Drop That Onion Ring — Toss Your Own Salad

There comes a defining instant in every student’s life at which he can no longer stomach that 1,000th Subway foot-long. After only a week back at school, my moment of taste bud evolution has already arrived. Having passed my threshold for premade provisions, only one solution remained: attempt to cook.
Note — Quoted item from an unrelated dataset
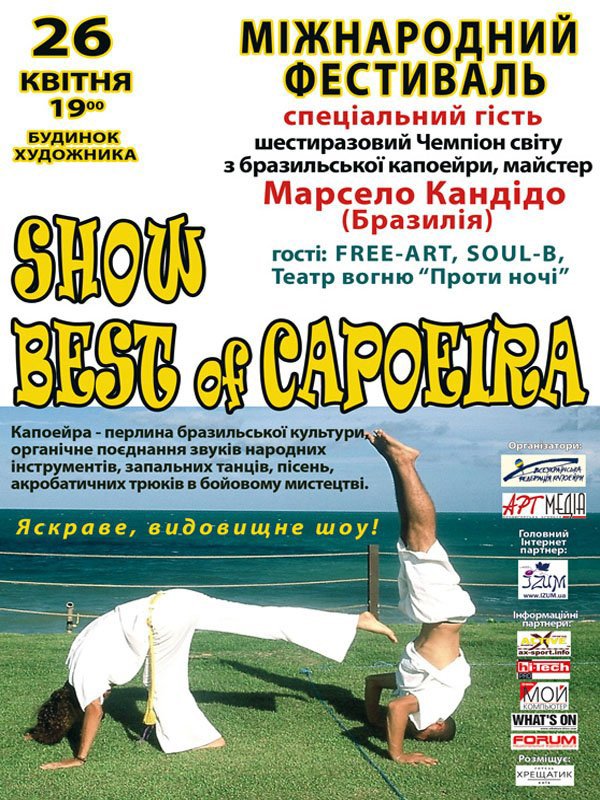 Гвоздем фестиваля будет выступление шестикратного чемпиона мира по бразильской капоэйре, мастера Марсело Кандидо. Кроме поражающих воображение боевых схваток на фестивале выступят экстремальные танцевальные коллективы: Free-Art, Soul-B, и театр огня «Проти Ночі».

My past culinary efforts have been no more courageous than tossing a premade Trader Joe’s burrito in the microwave or mixing marinara with pasta. Over the years I’ve been so conditioned to seek instant gratification from fast, over-the-counter eats that I couldn’t imagine myself sauteing or mincing — or any of those other things cooks do in kitchens.
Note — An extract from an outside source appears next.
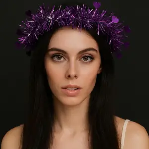 Kalp Püsküllü Gece Parıltısı 3 Modlu Led39li Işıklı Taç Mor Renk

I do, however, come from a family of hardcore foodies. My grandmother is the queen. In her house, food is a cure-all. Tough day at work? Lentil soup. Twisted your ankle? Beef kabob and herb rice with a glass of red wine. If there aren’t plumes of steam and exotic aromas wafting through the house, it’s either because her soap operas are on, or it’s 3 a.m.

No cooking endeavor could be properly executed without my grandma’s wisdom. So I made the call and asked her for recipes that fit the following guidelines: healthy, simple to make (under 15 minutes of preparation), composed of affordable ingredients and possessing some international flair. A little over a minute of deep consideration and she asked: “How about some grilled-chicken couscous salad and cream-of-broccoli soup?”

Next thing I knew, I was standing in the fresh produce section of Trader Joe’s, far from the comfort of the frozen-foods aisle. I couldn’t help but doubt my commitment to cooking as I picked out what I thought were ripe Roma tomatoes. Was I really about to waste all this time and effort when I could just as easily swipe my debit card at Croutons and call it a day?

On the ride home from TJ’s, I tried to reason my decision to cook. Forget the obvious economic benefits of making one $30 grocery trip for healthy, fresh food rather than what might amount to three separate $10 burrito runs on a daily basis — I was equally excited by the fact that my soon-to-be cooking skills would instantly make me more attractive. After all, what’s sexier than a home-cooked meal?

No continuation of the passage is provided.